Hydrido-bridged bimetallic complexes involving gold or silver and chromium, molybdenum, or tungsten: X-ray crystal structure of [AuCr(µ-H)(CO)5(PPh3)]

Abstract

Treatment of tetrahydrofuran solutions of the salts [N(PPh₃)₂][MH(CO)₄L][M = Cr or W, L = CO; M = W, L = P(OMe)₃] with [AuCl(PPh₃)] in the presence of TIPF₆ afforded the compounds [AuM(µ-H)(CO)₄L(PPh₃)]. The gold–molybdenum compound [AuMo(µ-H)(CO)₅(PPh₃)] was similarly prepared from a dichloromethane solution of [N(PPh₃)₂][Mo₂(µ-H)(CO)₁₀]. Reactions between [N(PPh₃)₂][MH(CO)₄L][M = Cr or W, L = CO; M = W, L = P(OMe)₃], [Agl(PMe₃)], and TIPF₆ yielded the hydrido-bridged bimetal compounds [AgM(µ-H)(CO)₄L(PMe₃)]. A single-crystal X-ray diffraction study has been carried out on the complex [AuCr(µ-H)(CO)₅(PPh₃)]. The molecule has a bent Au(µ-H) Cr geometry [Au–Cr 2.770(2), Au–H 1.72(11), and Cr–H 1.64(12)Å; Au–H–Cr 111 (5)°] in accord with the presence of a three-centre two-electron bond.

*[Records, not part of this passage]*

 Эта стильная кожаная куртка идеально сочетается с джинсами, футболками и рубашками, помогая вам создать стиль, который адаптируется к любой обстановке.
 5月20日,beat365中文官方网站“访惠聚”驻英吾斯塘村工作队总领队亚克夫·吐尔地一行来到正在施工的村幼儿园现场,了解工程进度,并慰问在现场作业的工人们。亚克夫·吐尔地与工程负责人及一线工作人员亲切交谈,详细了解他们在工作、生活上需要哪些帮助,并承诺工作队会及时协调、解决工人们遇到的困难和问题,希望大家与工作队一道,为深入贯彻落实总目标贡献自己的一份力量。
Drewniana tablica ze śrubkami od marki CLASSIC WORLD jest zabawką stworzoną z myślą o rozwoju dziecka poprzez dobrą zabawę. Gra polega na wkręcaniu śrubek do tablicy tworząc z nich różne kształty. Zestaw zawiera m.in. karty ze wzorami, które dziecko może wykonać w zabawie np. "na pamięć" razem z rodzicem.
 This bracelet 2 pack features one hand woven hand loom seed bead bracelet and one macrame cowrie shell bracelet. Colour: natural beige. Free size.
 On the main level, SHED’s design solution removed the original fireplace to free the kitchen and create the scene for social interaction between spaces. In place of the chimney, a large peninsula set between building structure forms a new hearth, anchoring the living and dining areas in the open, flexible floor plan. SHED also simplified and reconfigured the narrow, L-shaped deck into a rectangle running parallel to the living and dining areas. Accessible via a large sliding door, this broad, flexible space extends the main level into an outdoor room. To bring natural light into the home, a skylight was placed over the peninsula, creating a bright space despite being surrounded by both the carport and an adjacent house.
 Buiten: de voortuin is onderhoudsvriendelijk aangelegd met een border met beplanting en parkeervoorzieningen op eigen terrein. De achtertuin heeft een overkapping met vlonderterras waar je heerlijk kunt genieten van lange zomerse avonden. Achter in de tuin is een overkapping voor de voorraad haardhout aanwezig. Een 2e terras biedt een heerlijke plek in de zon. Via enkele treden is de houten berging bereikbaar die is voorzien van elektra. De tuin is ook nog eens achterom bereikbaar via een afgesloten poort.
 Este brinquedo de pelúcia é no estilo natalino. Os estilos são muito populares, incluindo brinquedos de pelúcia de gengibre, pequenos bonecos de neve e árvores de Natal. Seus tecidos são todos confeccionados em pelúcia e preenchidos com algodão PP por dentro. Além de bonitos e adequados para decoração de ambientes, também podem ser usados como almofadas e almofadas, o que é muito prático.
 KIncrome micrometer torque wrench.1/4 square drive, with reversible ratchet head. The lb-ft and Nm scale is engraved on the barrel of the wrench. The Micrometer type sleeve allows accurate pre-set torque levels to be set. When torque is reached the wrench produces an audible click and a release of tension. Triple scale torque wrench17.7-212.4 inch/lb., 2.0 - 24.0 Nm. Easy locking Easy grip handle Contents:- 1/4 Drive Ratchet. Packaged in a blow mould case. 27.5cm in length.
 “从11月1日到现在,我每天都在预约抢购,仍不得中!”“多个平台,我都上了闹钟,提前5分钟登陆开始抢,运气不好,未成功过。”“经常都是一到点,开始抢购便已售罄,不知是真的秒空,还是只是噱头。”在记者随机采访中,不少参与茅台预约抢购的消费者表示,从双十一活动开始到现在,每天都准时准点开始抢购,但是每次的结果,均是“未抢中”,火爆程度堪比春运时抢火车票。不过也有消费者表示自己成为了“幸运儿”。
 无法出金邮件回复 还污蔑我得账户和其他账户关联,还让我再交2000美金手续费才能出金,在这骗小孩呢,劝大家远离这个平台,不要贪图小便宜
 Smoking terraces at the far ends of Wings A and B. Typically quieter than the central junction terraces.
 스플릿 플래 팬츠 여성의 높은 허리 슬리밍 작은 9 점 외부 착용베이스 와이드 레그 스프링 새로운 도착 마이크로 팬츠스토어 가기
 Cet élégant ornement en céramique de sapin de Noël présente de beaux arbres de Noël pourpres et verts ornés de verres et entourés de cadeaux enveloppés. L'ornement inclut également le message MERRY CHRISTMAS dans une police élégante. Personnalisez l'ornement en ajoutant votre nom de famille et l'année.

The orientation of the Cr(CO)₅ group is staggered relative to the Au(µ-H)Cr bridge, with the hydrido-ligand lying transoid to the axial carbonyl ligand and the phosphine group. Crystals are triclinic, space group P(no. 2), and the structure has been refined to R 0.047 for 3 401 intensities measured at 210 K in the range 4 ⩽ 2θ⩽ 50°. Proton, ³¹P-{¹H}, and ¹³C-{H} n.m.r. spectroscopic data for the various compounds are reported and show that these species undergo dynamic behaviour in solution involving dissociation of the PPh₃ or PMe₃ groups, site exchange of CO ligands, and, for the silver-containing complexes, dissociation of the MH(CO)₄L fragments.